Clinical Research Associate

Loxo Oncology - Stamford, CT

Clinical Operations

Reports To:
Associate Director or Director, Clinical Operations

Position Summary
Patients are at the heart of everything we do at Loxo Oncology, and we continue to be motivated by that goal. We pursue this goal with a tenacity, focus and commitment to excellence that defines who we are and how we work.

The Clinical Research Associate, in collaboration with the Clinical Trial Manager, contributes to the operational execution of clinical studies to ensure delivery on time, within budget, and of high quality in compliance with ICH/GCP, Regulatory Authorities’ regulations/guidelines, and applicable SOPs/WPs. Responsibilities may include participation on one or more cross-functional study team(s) and/or performance and quality oversight of one or more Contract Research Organization (CRO) teams and vendors.

Roles and Responsibilities of the Position*

Project Management:
Provide operational input on development, management and maintenance of study deliverables [i.e. timelines, study plans, documents, etc.] through collaboration with internal and external stakeholders.

Use performance metrics and quality indicators to assist the Clinical Trial Manager in driving study execution.

Participate in monitoring visit report review process to maintain oversight of clinical monitoring quality and adherence to protocol and established processes and plans.

Support Health Authority inspections and CQA audits as required.

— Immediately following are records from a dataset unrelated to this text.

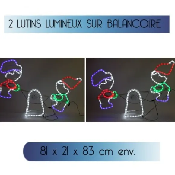Les 2 Lutins Lumineux De Noel Sur Balancoire Comprennent 6 Mètres De Tubes Lumineux Avec 144 Led Multicolore
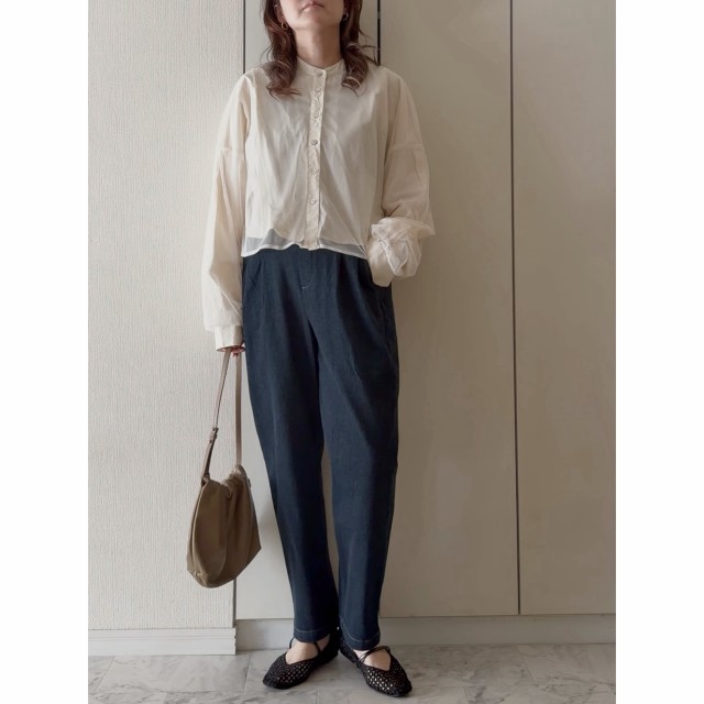 パンツコーデが軽やかに「スタンドカラーのシアーシャツ」
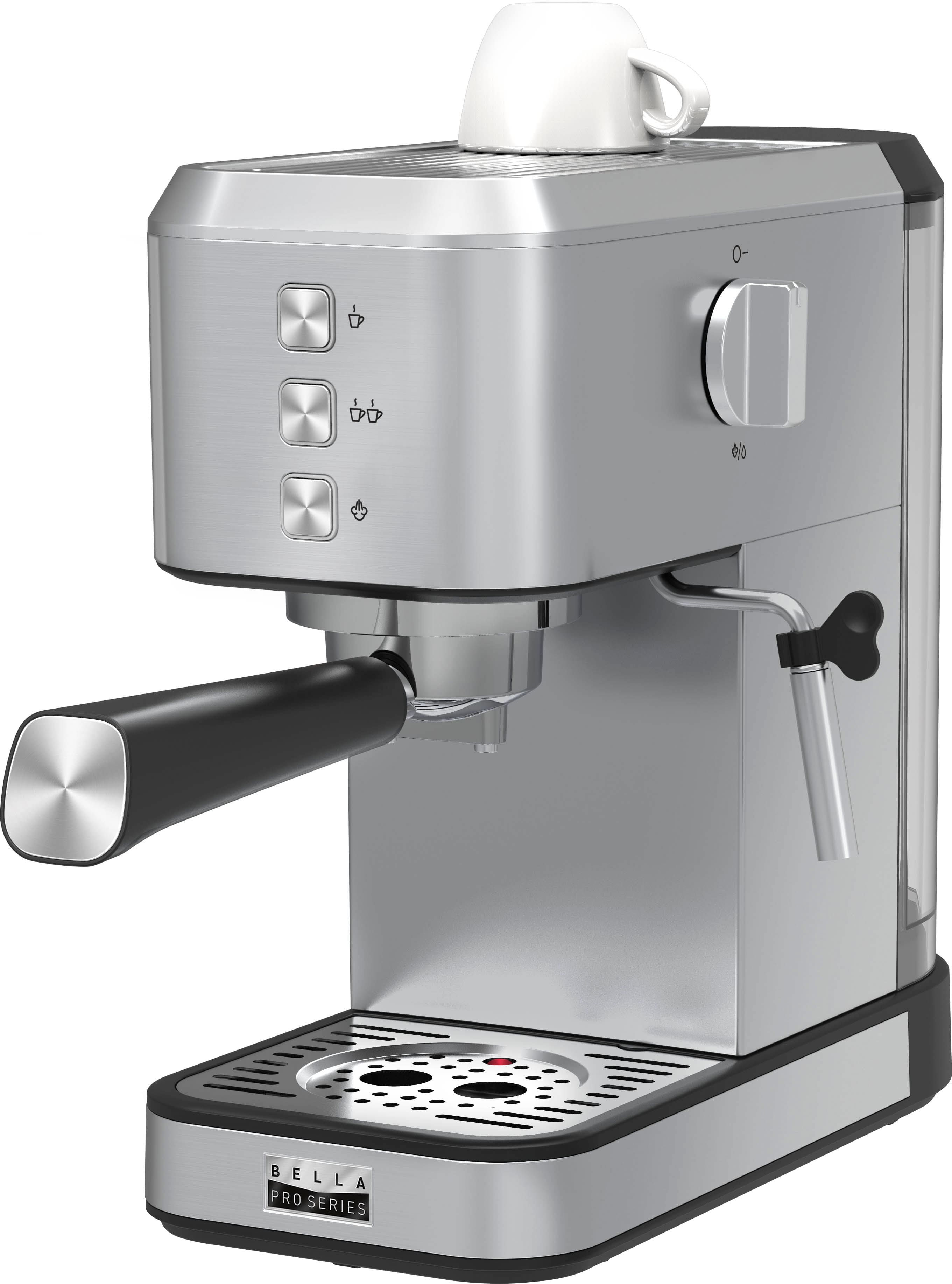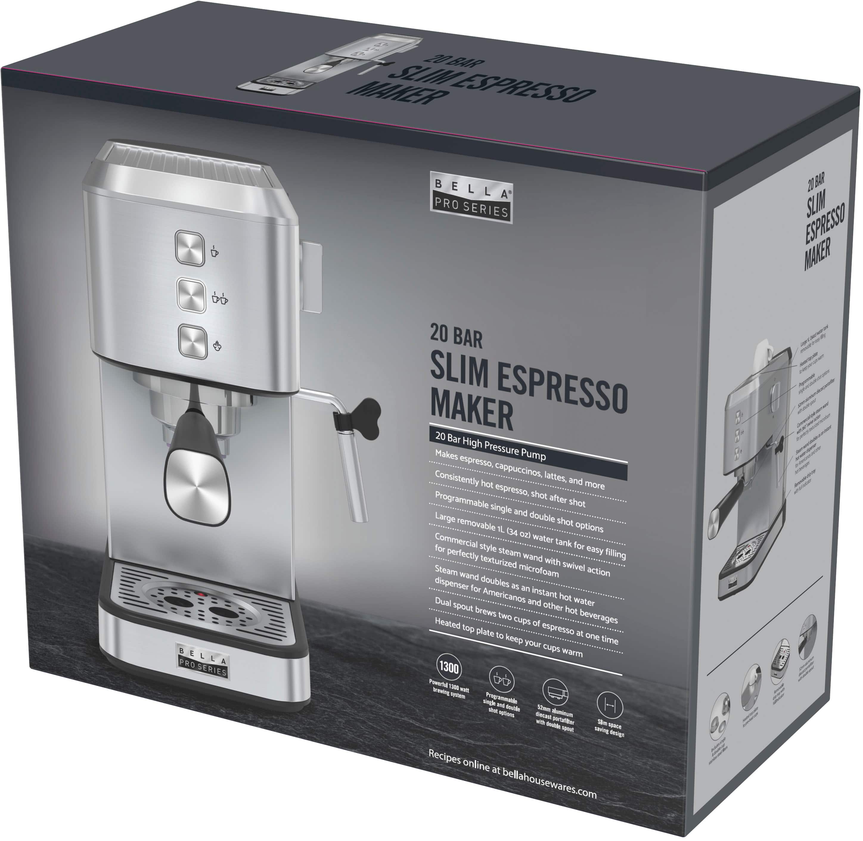 Experience the perfect cup of espresso with this bella PRO Slim Espresso Machine with 20 Bars of Pressure. This sleek and powerful machine combines innovative features with elegant design to deliver a truly exceptional coffee experience. Its 20-bar high-pressure pump ensures optimal extraction, resulting in rich and intense flavors in every shot. The commercial-style steam wand with 360° swivel creates perfectly texturized microfoam for delicious lattes and cappuccinos, while also conveniently serving as an instant hot water dispenser for brewing Americanos and other hot beverages. With a heated top plate to keep your cups warm and a removable 1L water tank, you can enjoy convenience and consistently hot espresso. Complete with a powerful 1300 watt brewing system, single & double cup stainless steel filters, and a removable drip tray with full indicator for easy cleaning.

Ensure full compliance (completeness and accuracy) of the required data in study management tools including clinical trial management systems, patient enrollment forecasting, etc.

Provide proactive identification of potential risks and develop and implement actions to avoid or mitigate.

Develop and maintain collaborative relationships with internal and external partners/stakeholders.

Study Planning and Conduct:
Collaborate with vendors and Loxo CTM’s regarding study specific issues and follow through to resolution.

Assist in the creation and review of study documents, including but not limited to the Protocol, Protocol Synopsis, Informed Consent Form (ICF) and other patient facing materials and assist in updating these study documents as needed.

Participate in vendor specification development and management/oversight.

Assist with management of TMF set-up, ongoing quality review, and final reconciliation.

Assist with shipment and reconciliation of Investigational Product (IP) at study and site level as needed.

Actively contribute to study meetings including presenting as a subject matter expert, generating, finalizing and distributing study team agendas and recording meeting minutes as needed.

Contribute to development/coordination of study training and study training materials for study team, investigational sites, and vendors.

Contribute to oversight of the required country regulatory (e.g. CTA, MoH) and country/site IRB/IEC submissions/approvals/notifications.

Assist with the collection of various study documents such as country/site insurance, CSR appendices, etc.

Assist with investigator meeting coordination and planning.
Required Qualifications and Background

Degree in a relevant discipline with experience in the Clinical Trial environment required.

Knowledge of ICH/GCP and regulatory guidelines/directives.

Demonstrates analytical approach and anticipation of problems.

Identifies gaps and provides constructive feedback and solutions.

Ability to multi-task effectively and prioritize assignments from multiple sources.

Basic knowledge of clinical research budgets including processing and tracking of site and vendor payments.

Knowledge of study tools including electronic system skills such as CTMS / EDC/ IRT/eTMF.

Knowledge of drug development process.

Proactively shares information, ideas, input, and/or expertise with team members.

Demonstrates concern for high quality outcomes.

Responds flexibly to changing business demands and opportunities, proactively looks for ways to contribute.

Basic understanding of project management desired.

Strong knowledge of MS applications including (but not limited to) MS Project, Word, Excel, PowerPoint.

Strong oral and written skills with proficiency in English.

Excellent organizational skills
Physical Demands / Travel
This position may require up to 25% travel. Some of the travel may be international.

The physical demands here are representative of those that must be met by an employee to successfully perform the essential functions of this job.

Work Environment
This position’s work environment is based in the field and in a typical office setting.

The work environment characteristics described here are representative of those encountered by an employee while performing the essential functions of this job.

  • To perform this job successfully, an individual must be able to perform each roles and responsibilities satisfactorily. The requirements listed above are representative of the knowledge, skill, and/or ability required. Reasonable accommodations may be made to enable individuals with disabilities to perform the essential functions.